:: ACTION ITEM ::
Return every record below exactly as written, but leave out the pictures.

** EXERCISE DATA follows **

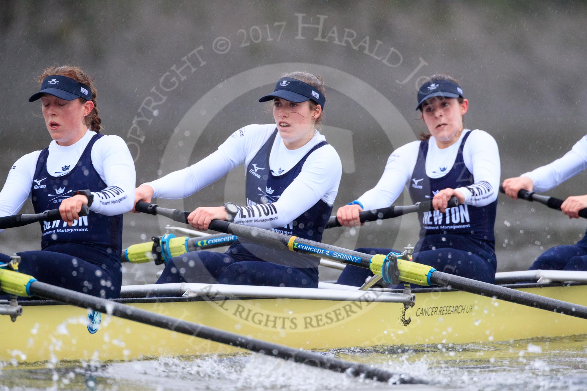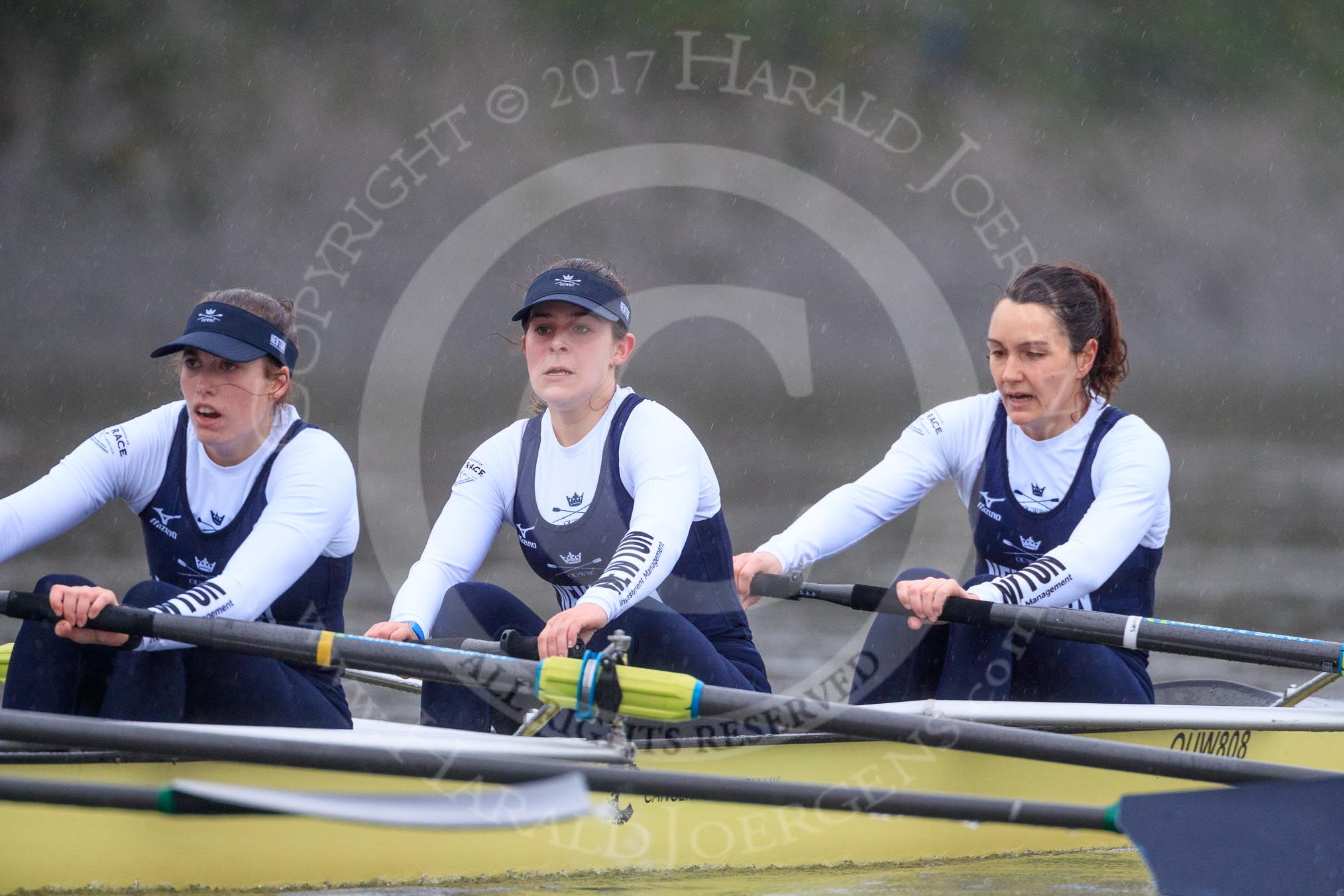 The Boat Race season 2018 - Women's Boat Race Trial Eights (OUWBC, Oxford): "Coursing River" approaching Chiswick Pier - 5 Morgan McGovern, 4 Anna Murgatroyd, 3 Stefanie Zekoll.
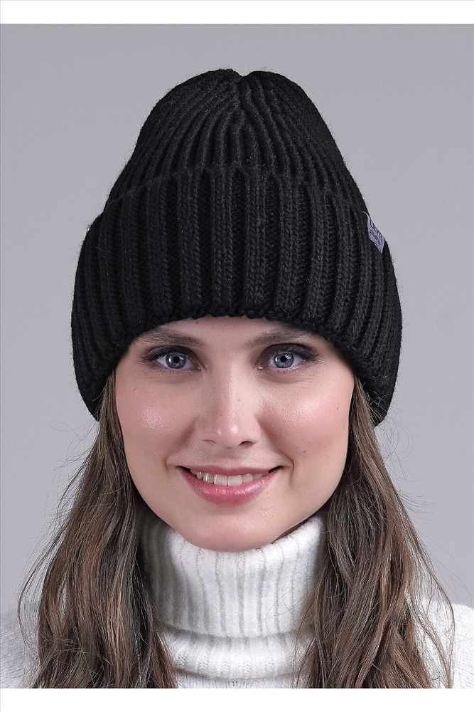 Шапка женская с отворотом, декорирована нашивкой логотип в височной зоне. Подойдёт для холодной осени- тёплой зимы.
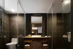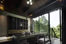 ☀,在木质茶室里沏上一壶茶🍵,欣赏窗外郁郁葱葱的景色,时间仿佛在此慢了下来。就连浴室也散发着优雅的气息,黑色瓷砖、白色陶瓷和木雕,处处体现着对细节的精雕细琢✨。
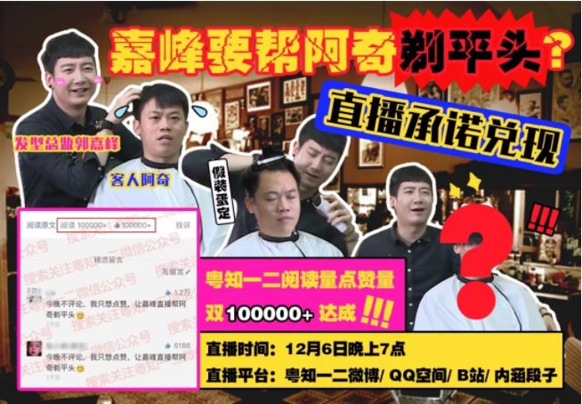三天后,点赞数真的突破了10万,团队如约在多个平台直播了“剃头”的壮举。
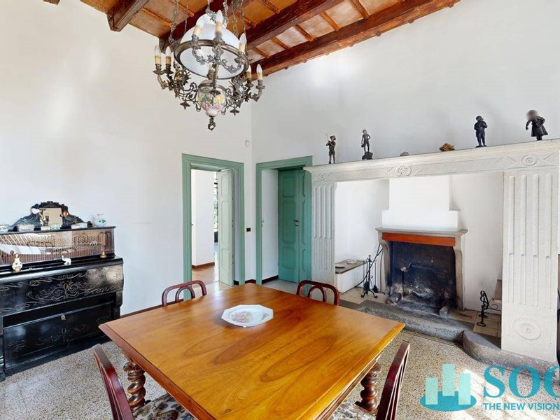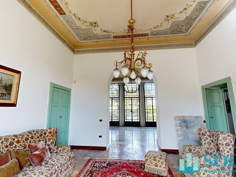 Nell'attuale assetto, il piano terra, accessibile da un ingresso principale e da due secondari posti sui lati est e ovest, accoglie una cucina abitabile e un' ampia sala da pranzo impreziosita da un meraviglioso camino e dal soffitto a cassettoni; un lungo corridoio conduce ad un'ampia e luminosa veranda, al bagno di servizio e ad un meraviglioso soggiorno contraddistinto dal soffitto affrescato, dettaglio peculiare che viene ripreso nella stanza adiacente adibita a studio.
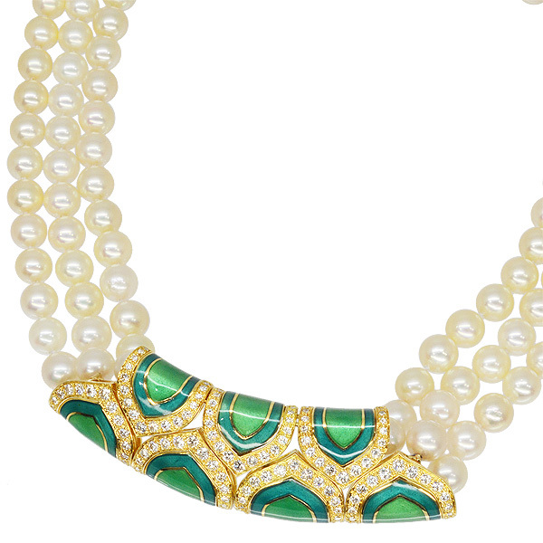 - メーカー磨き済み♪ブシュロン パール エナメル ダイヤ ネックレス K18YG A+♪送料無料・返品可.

** End of EXERCISE DATA **

:: EXERCISE RESULT ::
 The Boat Race season 2018 - Women's Boat Race Trial Eights (OUWBC, Oxford): "Coursing River" approaching Chiswick Pier - 5 Morgan McGovern, 4 Anna Murgatroyd, 3 Stefanie Zekoll.
 Шапка женская с отворотом, декорирована нашивкой логотип в височной зоне. Подойдёт для холодной осени- тёплой зимы.
 ☀,在木质茶室里沏上一壶茶🍵,欣赏窗外郁郁葱葱的景色,时间仿佛在此慢了下来。就连浴室也散发着优雅的气息,黑色瓷砖、白色陶瓷和木雕,处处体现着对细节的精雕细琢✨。
三天后,点赞数真的突破了10万,团队如约在多个平台直播了“剃头”的壮举。
 Nell'attuale assetto, il piano terra, accessibile da un ingresso principale e da due secondari posti sui lati est e ovest, accoglie una cucina abitabile e un' ampia sala da pranzo impreziosita da un meraviglioso camino e dal soffitto a cassettoni; un lungo corridoio conduce ad un'ampia e luminosa veranda, al bagno di servizio e ad un meraviglioso soggiorno contraddistinto dal soffitto affrescato, dettaglio peculiare che viene ripreso nella stanza adiacente adibita a studio.
 - メーカー磨き済み♪ブシュロン パール エナメル ダイヤ ネックレス K18YG A+♪送料無料・返品可.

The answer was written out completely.